Tempestade arrasa produção rural
O fenômeno que atingiu Maiorca não foi isolado, mas parte de um sistema de instabilidade que varreu o Mediterrâneo Ocidental. Meteorologistas apontam para a formação de uma DANA (Depressão Isolada em Níveis Altos), comum nesta época do ano, mas que tem se apresentado com energia extra devido às temperaturas da superfície do mar, que permanecem acima da média histórica. Essa energia térmica disponível atua como combustível para as nuvens de tempestade, permitindo que elas cresçam verticalmente e formem granizo de grande calibre, além de ventos fortes e chuvas torrenciais concentradas em curtos períodos de tempo.
A infraestrutura rural também sofreu danos consideráveis. Além das plantações a céu aberto, instalações como armazéns, sistemas de irrigação e maquinário foram afetados. Telhados de fibrocimento foram perfurados e canais de drenagem transbordaram, alagando campos e dificultando o acesso às áreas mais remotas para a avaliação dos danos. O cenário é de caos logístico, com estradas rurais bloqueadas por lama e gelo, impedindo que os seguros agrícolas cheguem aos locais para as vistorias necessárias. A comunidade rural pede agilidade na declaração de zona catastrófica, mecanismo que permitiria o acesso a fundos de emergência e isenções fiscais vitais para a sobrevivência do setor.

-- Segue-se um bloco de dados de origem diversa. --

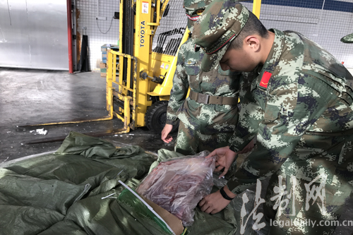 圖為邊防官兵正在清點走私凍肉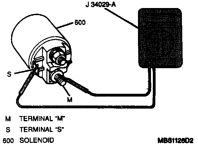 10. Solenoid pull-in coil resistance between terminal "S" and terminal "M" using the J 34029-A. If resistance is not 5 ohms or less, the pull-in coil is open and the solenoid must be replaced.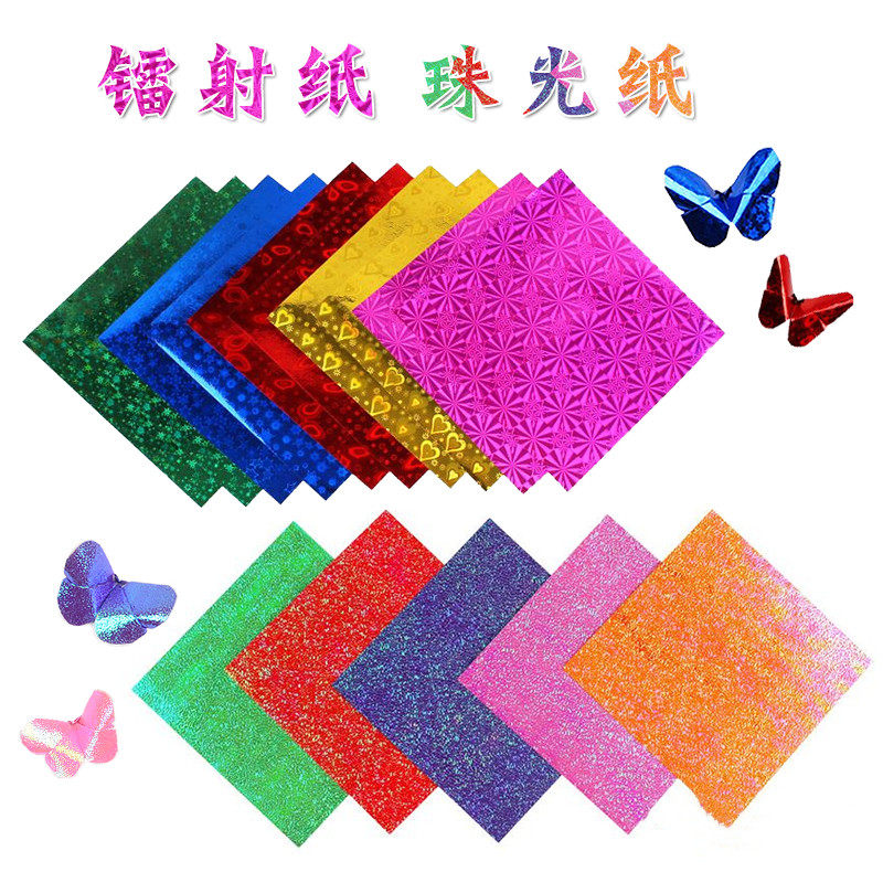 镭射纸闪光纸手工纸鹤荧光纸彩纸折纸专用珠光纸儿童亮光亮纸电光纸幼儿园彩色纸剪纸闪亮亮片纸夜光纸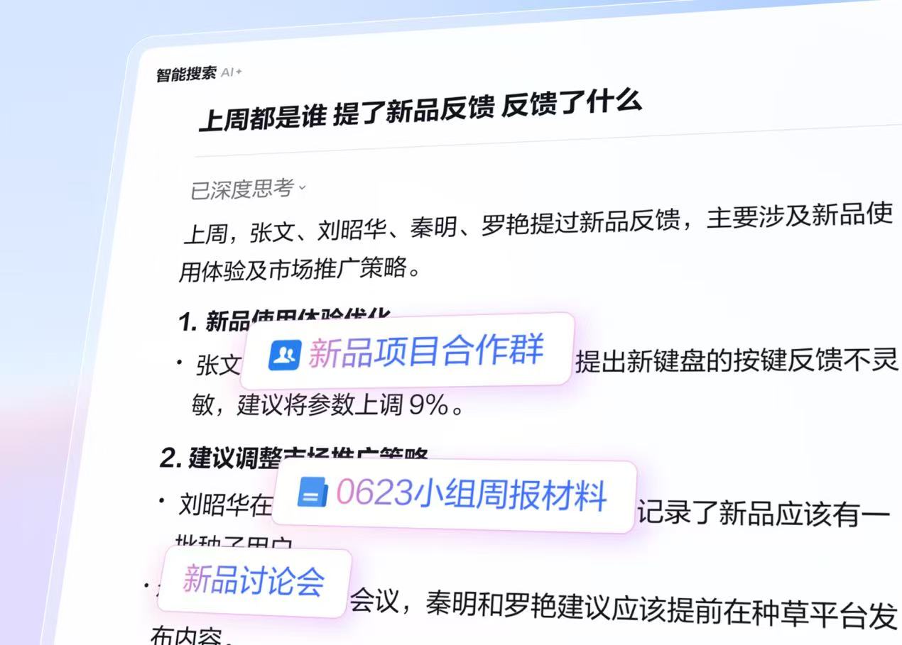 具体而言,智能搜索支持口语化提问,自动关联聊天、文档等场景,精准定位信息并汇总数据,解决记忆模糊、信息分散的问题;智能总结则自动整合群聊、文档、会议记录生成项目进展报告,跳过中间环节,且基于自然工作流提炼客观结论,帮管理者高效决策;智能机器人可学习企业业务 SOP、规章制度等内容,实现零门槛问答,还开放API接口打通业务系统,方便员工快速获取信息。值得注意的是,这些AI功能的数据仅限企业内部流转,还支持本地私有化部署,确保企业信息资产自主可控。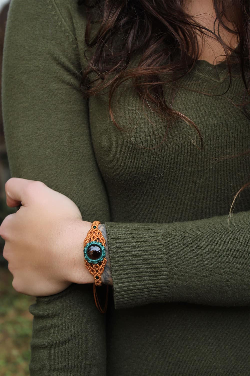 Beautiful Halla handmade bracelet. Macrame is a technique that gives you the opportunity to create beautiful shapes and designs by knitting, using threads. These threads are 100% hypoallergenic and extremely durable. The colours are never fade out over the years due to the quality of the thread. For halla bracelet we used green and camel colours of thread. Decorated with genuine crystal clear smoky quartz semi precious stone. A translucent variety of quartz for balancing and grounding.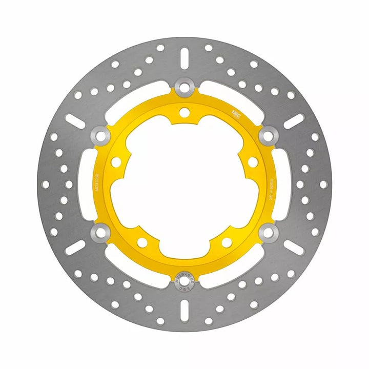 Ultra lightweight EBC Brakes X series floating front MC rotors since their introduction, have become one if the worlds best selling lightest and best performing discs available for all modern sport bikes. Floating MC rotors feature EBC Brakes unique and patented S-Drive button system which features square sided rivets captured in square drive pockets on the rotor and hub which allow the outer rotor blade to expand and contract freely under the heat of braking without suffering rivet lock., Hand built and inspected, Ultra lightweight but strong, Patented square drive button system (Floating rotors), Designed as an OEM improvement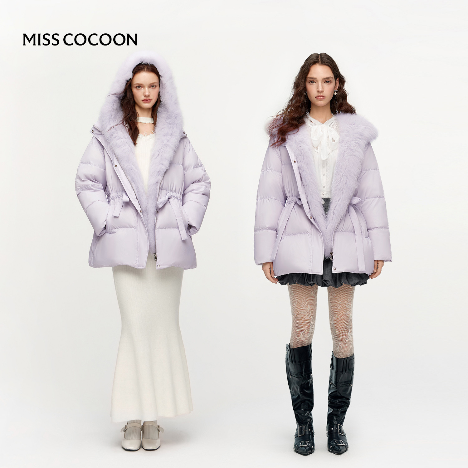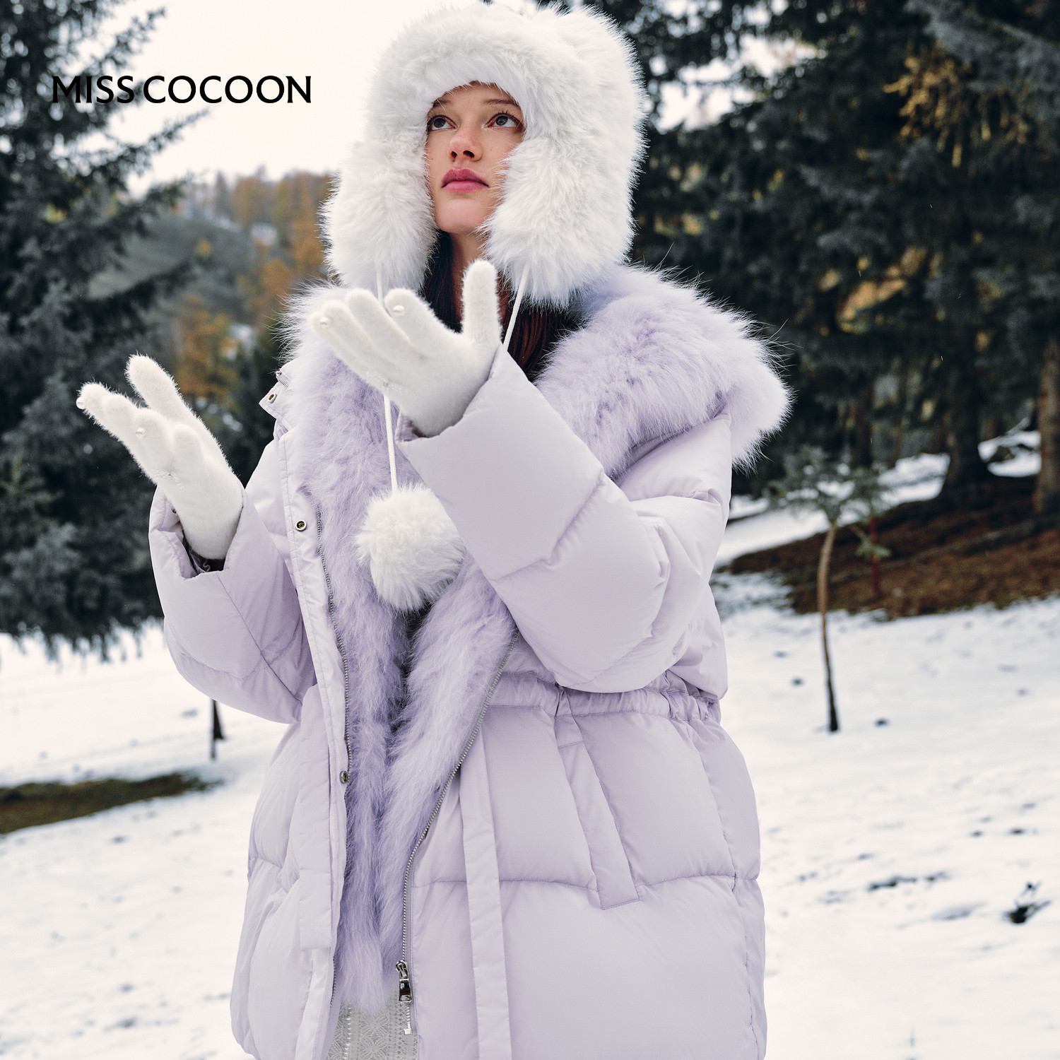 沈月同款MISSCOCOON中长款2025冬新款狐狸毛领90白鸭绒羽绒服女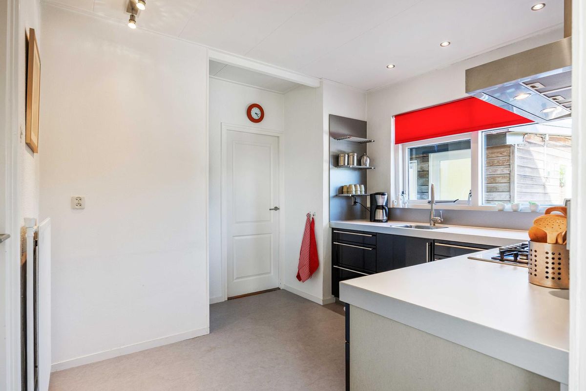 Entree aan de voorzijde in ruime hal met meterkast, garderobe, trapopgang en toilet (hangend closet en fonteintje) en toegang naar de slaapkamer en keuken. De slaapkamer is voorzien van een betegelde badkamer met inloopdouche en wastafel. De moderne, gesloten hoekkeuken is voorzien van een 5-pits gaskookplaat en afzuigkap en biedt doorgang naar zowel de woonkamer als de bijkeuken. De lichte woonkamer heeft grote raampartijen, een zit- en eetgedeelte en een schuifpui naar het terras.. In de bijkeuken is praktische bergruimte, de opstelplaats voor witgoed en cv-installatie en een deur naar de tuin.

O cenário desolador pós-granizo
Enquanto o sol volta a aparecer timidamente sobre as Baleares, iluminando o branco do gelo que ainda cobre a terra vermelha característica da ilha, o sentimento é de luto e resiliência. Famílias inteiras que dependem da agricultura percorrem suas terras tentando salvar o que sobrou, mas a realidade é dura: em muitos hectares, não restou nada que possa ser comercializado. A “pedra”, como os agricultores chamam o granizo, não escolhe alvo, atingindo tanto o grande produtor tecnificado quanto a horta familiar de subsistência.
Este evento serve como mais um alerta estridente sobre a vulnerabilidade da agricultura frente às mudanças climáticas. O padrão de chuvas suaves e previsíveis está sendo substituído por eventos extremos e destrutivos. Para o futuro, o setor agrícola de Maiorca e de toda a região do Mediterrâneo terá que repensar suas estratégias, investindo pesadamente em tecnologias de proteção, como malhas antigranizo e estufas reforçadas, ou enfrentar a inviabilidade econômica. Por ora, resta a limpeza dos escombros e a esperança de que a próxima janela de plantio seja mais gentil com aqueles que trabalham para alimentar a população.
A solidariedade entre os vizinhos tem sido o único ponto de luz na escuridão deste desastre. Associações de moradores e outros agricultores menos afetados estão se mobilizando para ajudar na limpeza e na recuperação das propriedades mais atingidas. No entanto, a cicatriz deixada por esta tempestade de novembro de 2025 demorará a sarar, tanto na paisagem física de Maiorca quanto na economia de suas zonas rurais. A “Ilha da Calma” foi sacudida pela tempestade, lembrando a todos que a natureza, em sua beleza e fúria, detém a última palavra.